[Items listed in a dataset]
Content starts

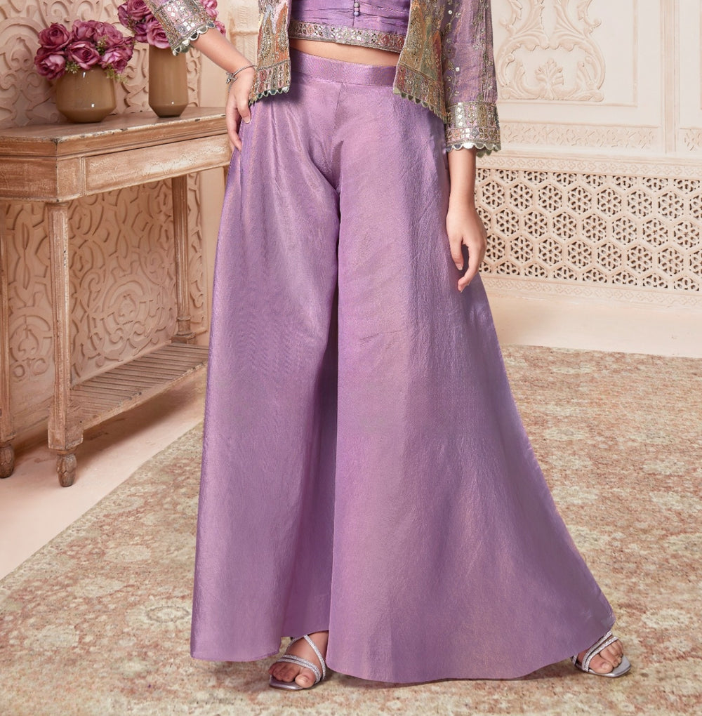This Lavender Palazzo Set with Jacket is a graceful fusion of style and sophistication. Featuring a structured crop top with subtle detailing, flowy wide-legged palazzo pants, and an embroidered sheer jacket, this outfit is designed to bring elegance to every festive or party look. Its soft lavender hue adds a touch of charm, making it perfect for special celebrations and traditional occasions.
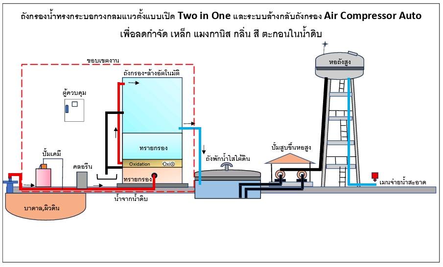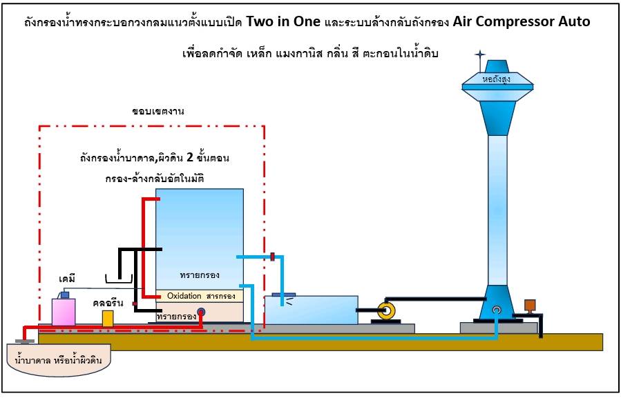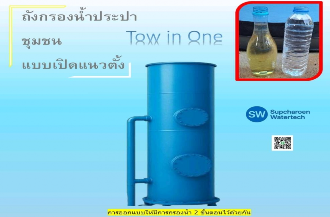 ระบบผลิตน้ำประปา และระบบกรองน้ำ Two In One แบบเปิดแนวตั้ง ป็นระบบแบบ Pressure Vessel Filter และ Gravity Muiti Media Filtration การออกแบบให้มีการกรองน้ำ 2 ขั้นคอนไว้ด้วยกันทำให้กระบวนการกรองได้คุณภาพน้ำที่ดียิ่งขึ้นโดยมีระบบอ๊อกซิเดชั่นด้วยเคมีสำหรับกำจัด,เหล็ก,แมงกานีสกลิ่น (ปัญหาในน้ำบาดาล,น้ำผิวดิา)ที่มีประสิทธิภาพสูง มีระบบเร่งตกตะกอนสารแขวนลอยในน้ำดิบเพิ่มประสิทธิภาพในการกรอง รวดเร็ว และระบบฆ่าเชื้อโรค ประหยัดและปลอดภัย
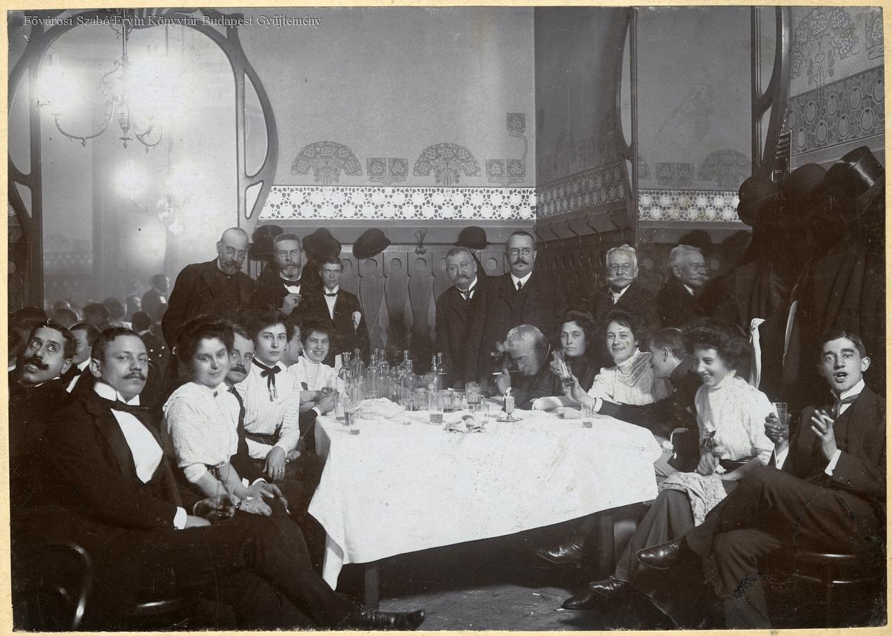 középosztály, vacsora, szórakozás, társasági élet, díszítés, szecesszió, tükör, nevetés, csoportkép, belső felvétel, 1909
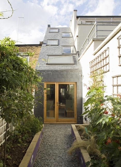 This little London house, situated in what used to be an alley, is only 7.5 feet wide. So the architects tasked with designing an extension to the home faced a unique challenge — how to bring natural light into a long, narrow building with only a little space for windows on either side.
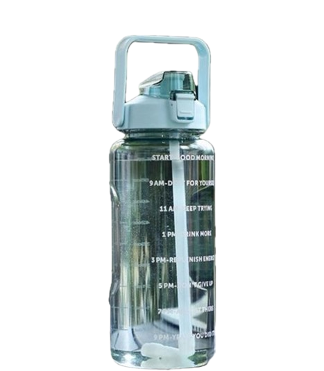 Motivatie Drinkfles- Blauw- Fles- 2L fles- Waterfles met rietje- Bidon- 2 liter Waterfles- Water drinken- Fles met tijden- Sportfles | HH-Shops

Content ends

TASK GOAL
Each line from the one that holds "középosztály, vacsora, szórakozás, társasági" through the end of the entries must be returned exactly, while any pictures stay out.

EXERCISE RESULT
 középosztály, vacsora, szórakozás, társasági élet, díszítés, szecesszió, tükör, nevetés, csoportkép, belső felvétel, 1909
 This little London house, situated in what used to be an alley, is only 7.5 feet wide. So the architects tasked with designing an extension to the home faced a unique challenge — how to bring natural light into a long, narrow building with only a little space for windows on either side.
 Motivatie Drinkfles- Blauw- Fles- 2L fles- Waterfles met rietje- Bidon- 2 liter Waterfles- Water drinken- Fles met tijden- Sportfles | HH-Shops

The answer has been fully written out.